*** Opening MATERIAL SUPPLIED ***

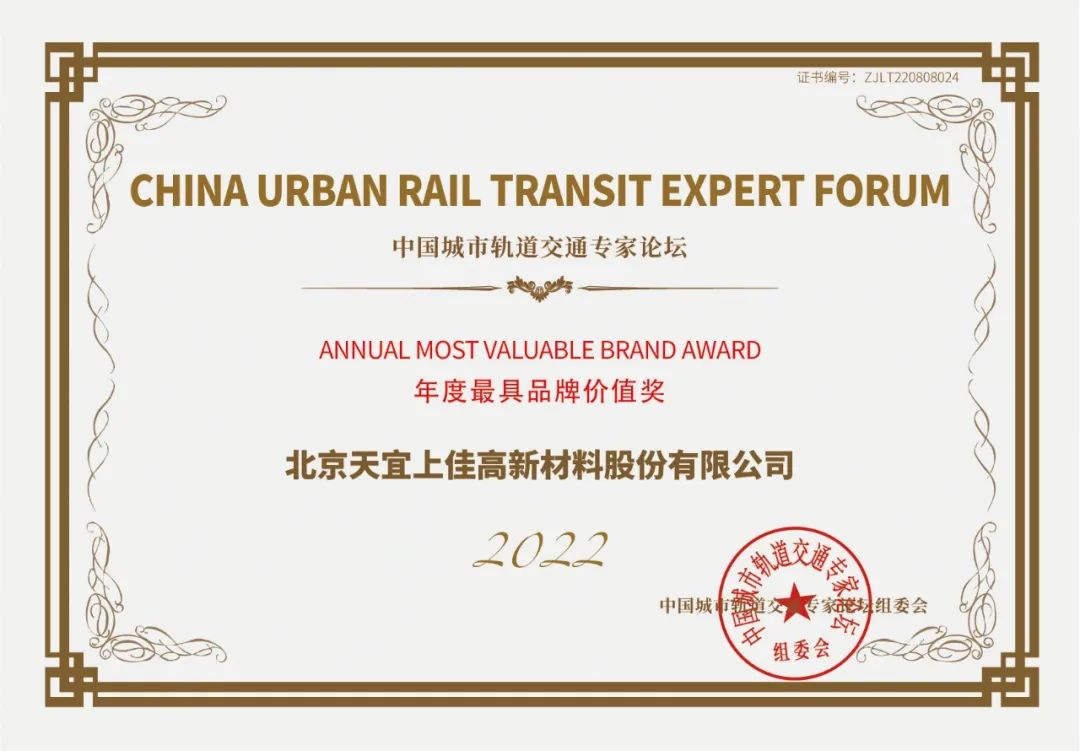 大會發(fā)布了多個成果榮譽獎項,天宜上佳憑借在軌道交通領域的杰出表現,榮膺中國城市軌道交通專家論壇“2022年度最具品牌價值獎”,品牌影響力持續(xù)增強。
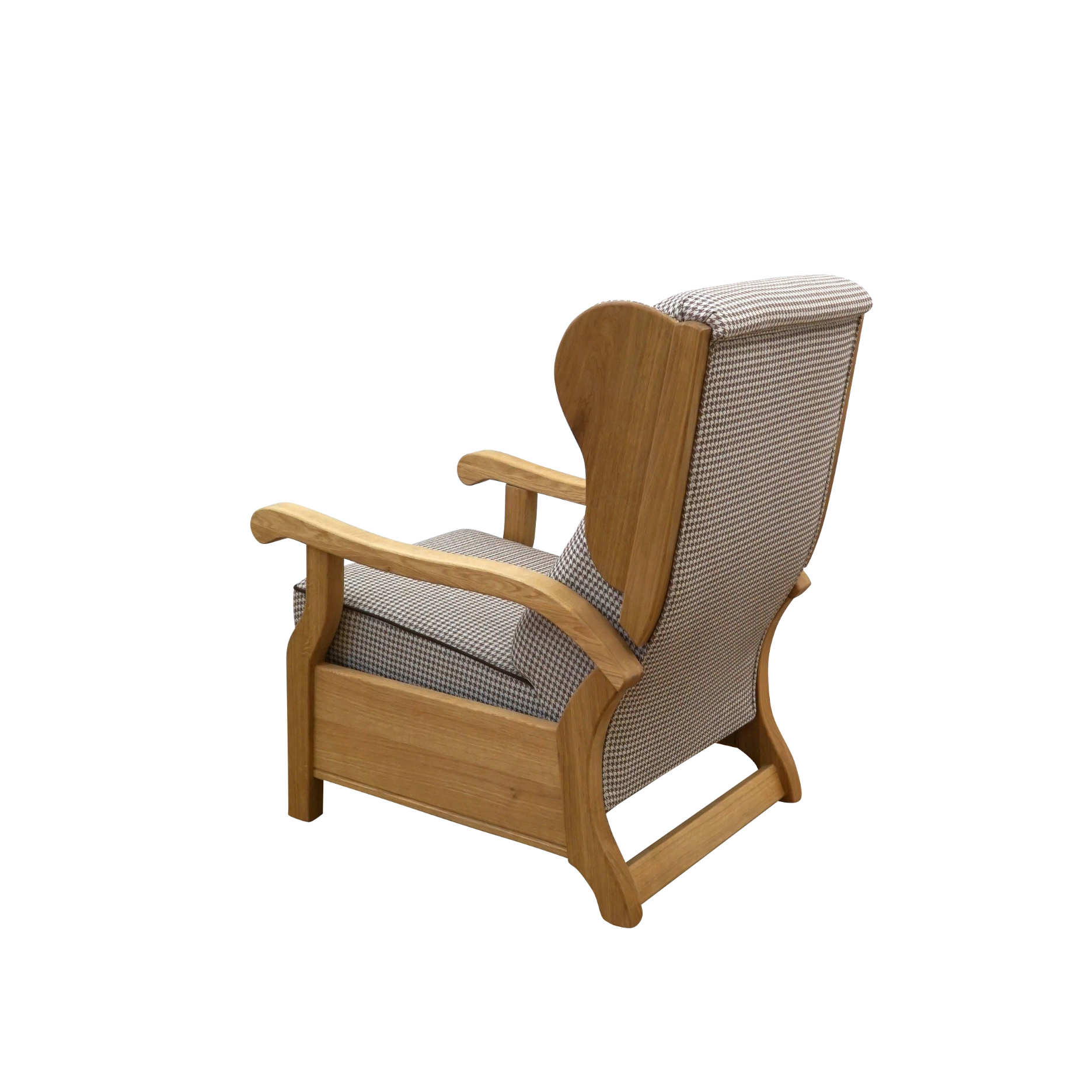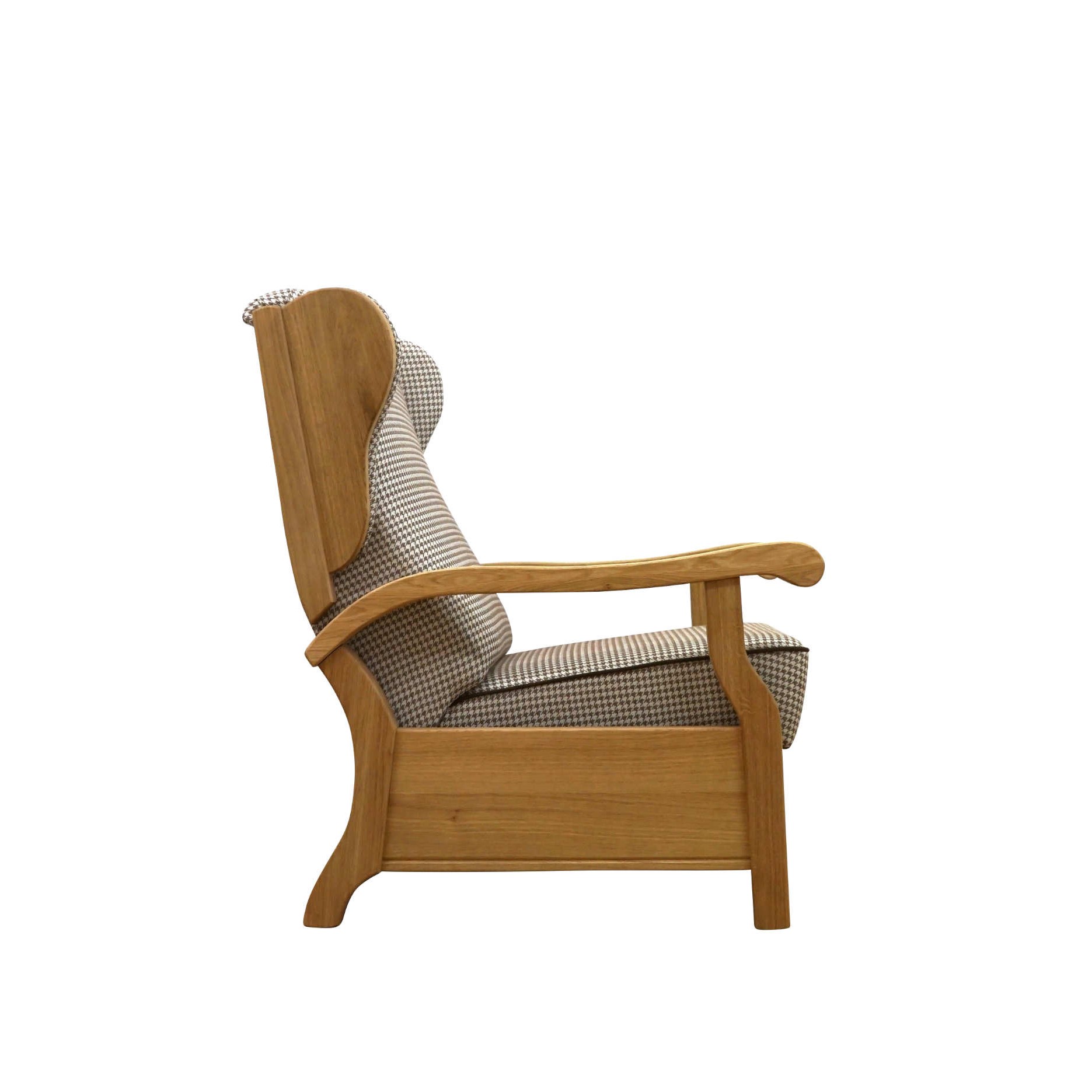Standardmäßig wird dieses Möbelstück in Fichte gefertigt. Auf den Bildern ist der Sessel in Eiche abgebildet. Dies ist auf Anfrage möglich.
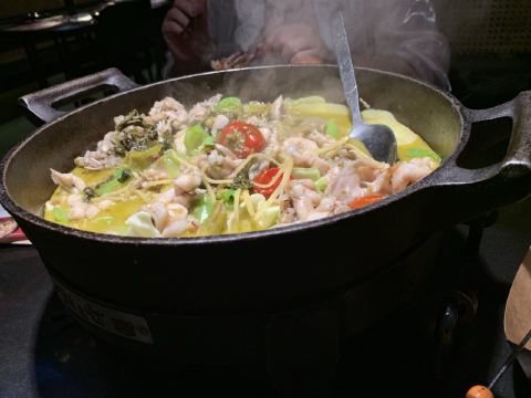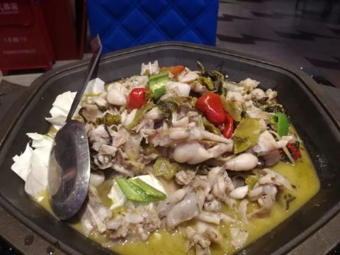 人气特别旺的当地特色餐厅,主打各种牛蛙类菜品,餐厅的装修风格也较为标新立异,随处可见青蛙元素,店内更是洋溢着一种时尚潮流的气息。菜品口味也非常不错,紫苏平锅牛蛙算得上是这里的招牌,分量十足,淡淡的紫苏香味更是诱人;双椒平锅牛蛙也很受食客欢迎。
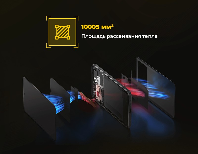 Poco M4 Pro использует большую тепловую трубку D5 с несколькими слоями материала для теплоотвода для общей площади рассеивания тепла в 10005 мм². Это позволяет корпусу охлаждаться во время быстрой зарядки и делает зарядку более эффективной, поддерживая высокую скорость работы.
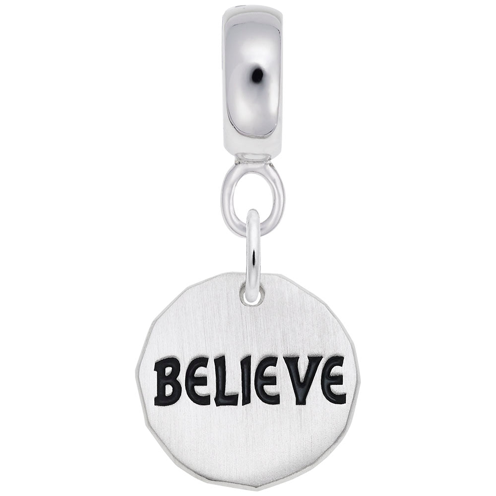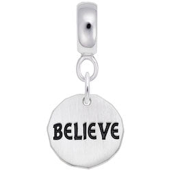"Believe" Remind yourself to believe in yourt heart, your faith, your friends and family, and everything else that means a lot to you. Wear this sterling silver believe tag charm dangle bead on your necklace or charm dangle bead bracelet.
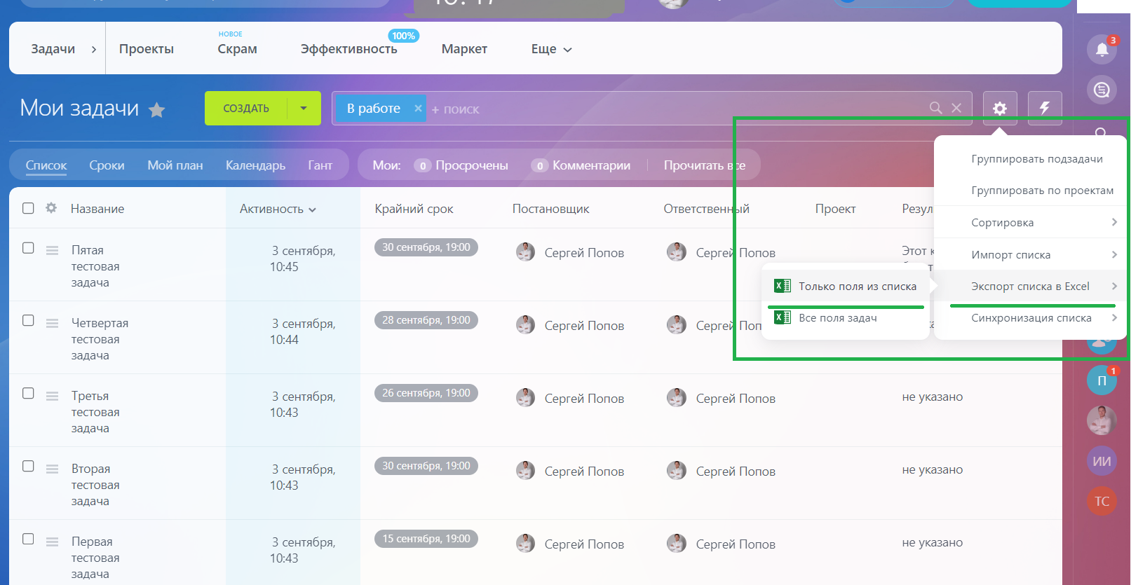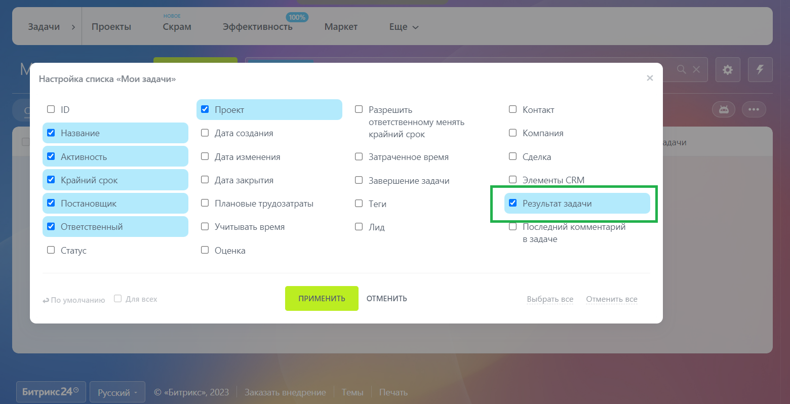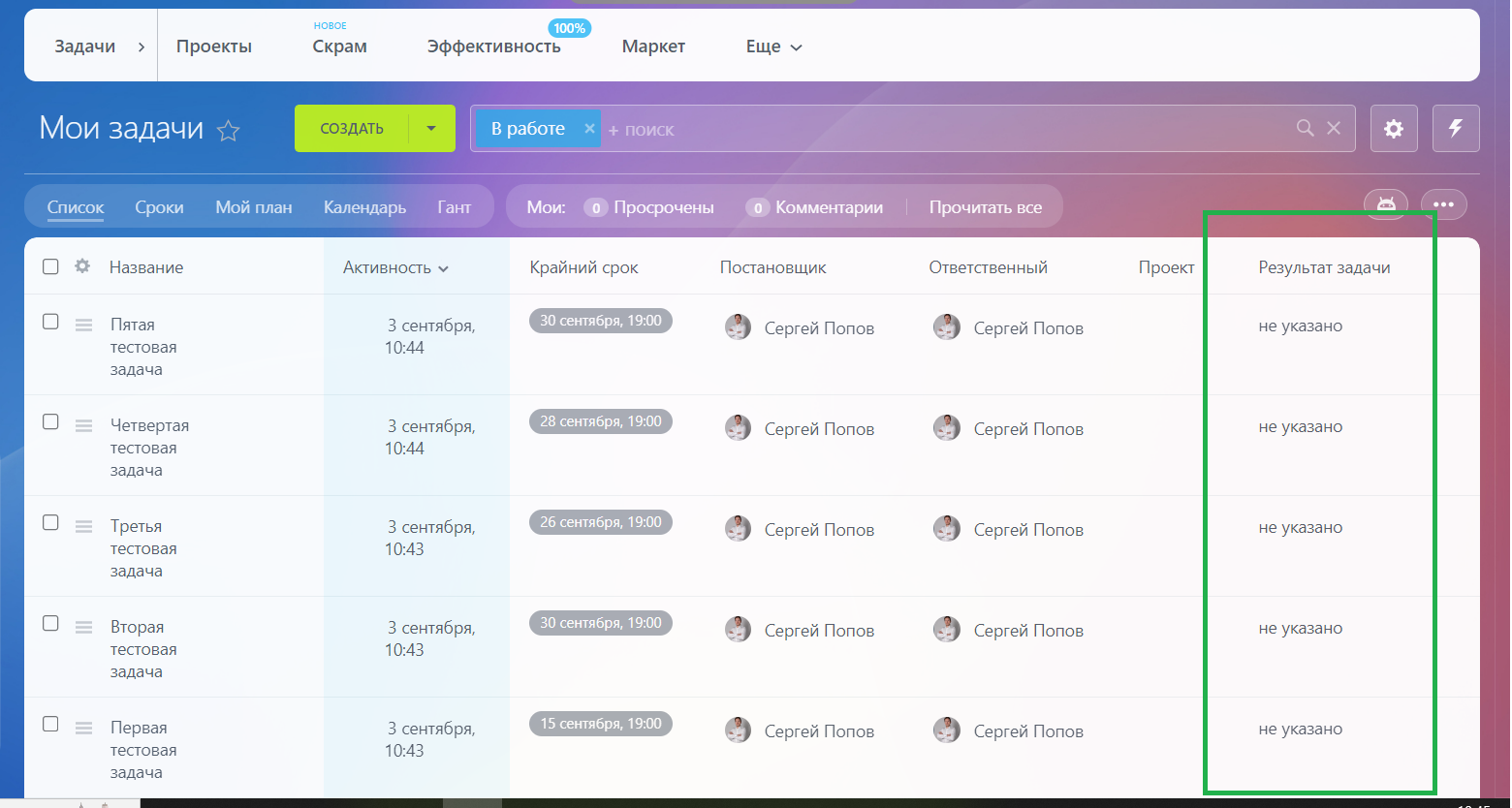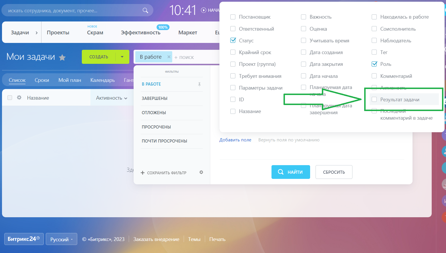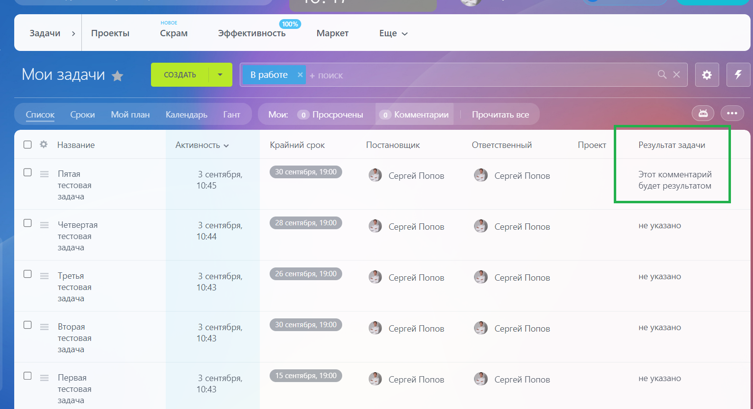 В Задачах есть возможность отмечать комментарий к Задаче как результат выполнения Задачи, но нет возможности в общем списке Задач, с помощью фильтра, посмотреть все задачи и результат выполнения задачи, а тем более выгрузить эти данные в эксель.
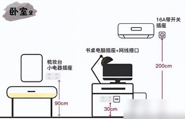 注意:床头插座别装太低,不然插充电线要弯腰;梳妆台插座装在镜子侧面,别在正下方,避免被化妆品挡住。

*** Closing MATERIAL SUPPLIED ***

Up to and including the line with "人气特别旺的当地特色餐厅,主", repeat every line from the top of the entries exactly, but not the pictures.

SOLUTION =
 大會發(fā)布了多個成果榮譽獎項,天宜上佳憑借在軌道交通領域的杰出表現,榮膺中國城市軌道交通專家論壇“2022年度最具品牌價值獎”,品牌影響力持續(xù)增強。
Standardmäßig wird dieses Möbelstück in Fichte gefertigt. Auf den Bildern ist der Sessel in Eiche abgebildet. Dies ist auf Anfrage möglich.
 人气特别旺的当地特色餐厅,主打各种牛蛙类菜品,餐厅的装修风格也较为标新立异,随处可见青蛙元素,店内更是洋溢着一种时尚潮流的气息。菜品口味也非常不错,紫苏平锅牛蛙算得上是这里的招牌,分量十足,淡淡的紫苏香味更是诱人;双椒平锅牛蛙也很受食客欢迎。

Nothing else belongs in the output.